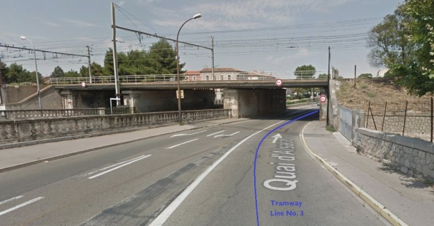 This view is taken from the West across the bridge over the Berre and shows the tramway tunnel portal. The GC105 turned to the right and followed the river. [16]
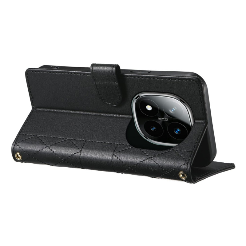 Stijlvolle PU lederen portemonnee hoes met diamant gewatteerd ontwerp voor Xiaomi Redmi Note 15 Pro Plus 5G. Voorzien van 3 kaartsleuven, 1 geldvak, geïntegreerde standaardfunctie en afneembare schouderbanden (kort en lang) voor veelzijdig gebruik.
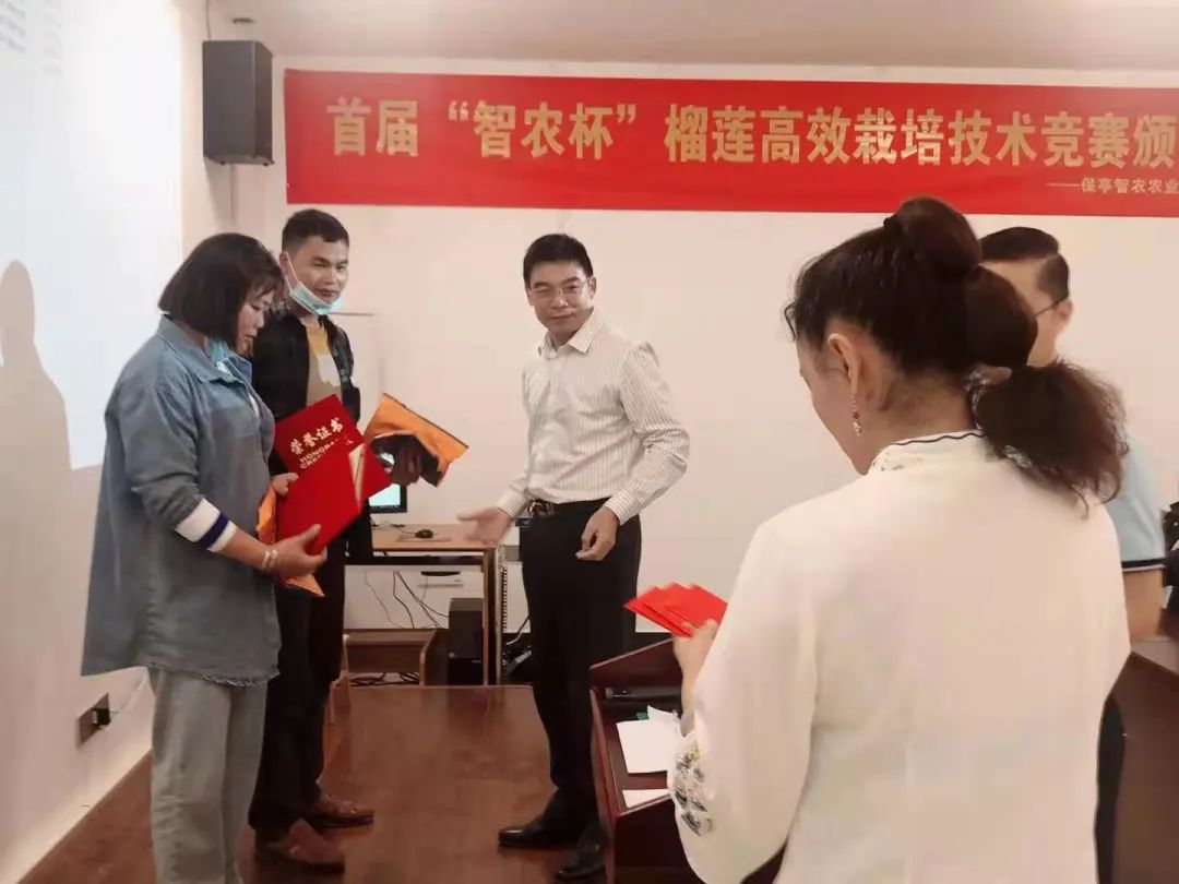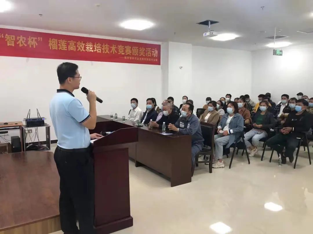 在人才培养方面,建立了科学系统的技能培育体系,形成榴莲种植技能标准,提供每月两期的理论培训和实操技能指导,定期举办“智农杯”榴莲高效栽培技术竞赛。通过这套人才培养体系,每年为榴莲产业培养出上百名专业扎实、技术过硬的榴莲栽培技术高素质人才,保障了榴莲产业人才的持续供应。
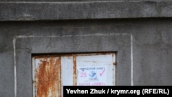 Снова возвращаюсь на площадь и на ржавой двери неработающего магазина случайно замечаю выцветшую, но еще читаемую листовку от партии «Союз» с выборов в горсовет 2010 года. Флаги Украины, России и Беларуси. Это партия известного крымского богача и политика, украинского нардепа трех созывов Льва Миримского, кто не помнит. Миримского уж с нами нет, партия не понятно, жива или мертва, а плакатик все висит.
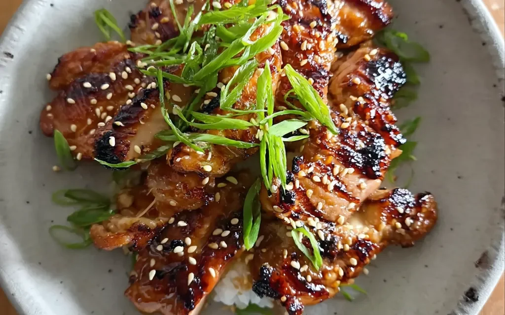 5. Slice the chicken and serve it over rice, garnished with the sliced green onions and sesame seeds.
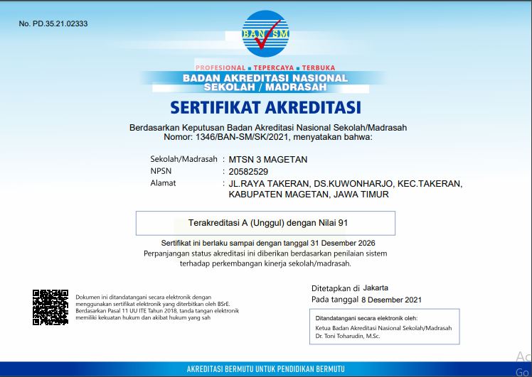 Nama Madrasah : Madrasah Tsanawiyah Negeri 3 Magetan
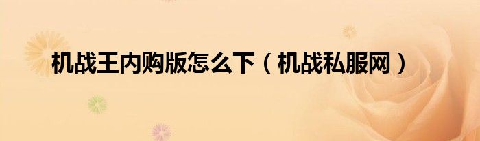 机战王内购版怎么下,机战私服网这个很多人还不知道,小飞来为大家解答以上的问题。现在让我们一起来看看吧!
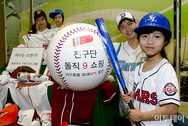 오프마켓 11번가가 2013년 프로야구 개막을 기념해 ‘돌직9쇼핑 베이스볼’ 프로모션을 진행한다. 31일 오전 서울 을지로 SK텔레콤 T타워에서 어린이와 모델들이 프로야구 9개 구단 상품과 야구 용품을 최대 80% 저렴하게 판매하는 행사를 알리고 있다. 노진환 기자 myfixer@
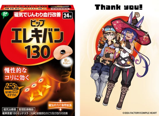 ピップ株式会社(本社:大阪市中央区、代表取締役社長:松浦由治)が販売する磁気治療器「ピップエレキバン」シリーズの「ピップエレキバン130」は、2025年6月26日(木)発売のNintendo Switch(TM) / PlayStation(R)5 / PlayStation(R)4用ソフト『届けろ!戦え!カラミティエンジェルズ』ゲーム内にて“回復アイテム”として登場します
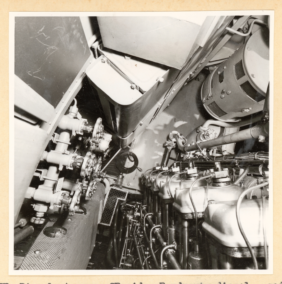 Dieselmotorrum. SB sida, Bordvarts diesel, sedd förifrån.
######
» Exercise instructions:
An acceptable answer holds exactly the lines from the one with "机战王内购版怎么下,机战私服" through the end of the entries above, both ends kept, and no pictures at all.

» Answer area:
 机战王内购版怎么下,机战私服网这个很多人还不知道,小飞来为大家解答以上的问题。现在让我们一起来看看吧!
 오프마켓 11번가가 2013년 프로야구 개막을 기념해 ‘돌직9쇼핑 베이스볼’ 프로모션을 진행한다. 31일 오전 서울 을지로 SK텔레콤 T타워에서 어린이와 모델들이 프로야구 9개 구단 상품과 야구 용품을 최대 80% 저렴하게 판매하는 행사를 알리고 있다. 노진환 기자 myfixer@
 ピップ株式会社(本社:大阪市中央区、代表取締役社長:松浦由治)が販売する磁気治療器「ピップエレキバン」シリーズの「ピップエレキバン130」は、2025年6月26日(木)発売のNintendo Switch(TM) / PlayStation(R)5 / PlayStation(R)4用ソフト『届けろ!戦え!カラミティエンジェルズ』ゲーム内にて“回復アイテム”として登場します
 Dieselmotorrum. SB sida, Bordvarts diesel, sedd förifrån.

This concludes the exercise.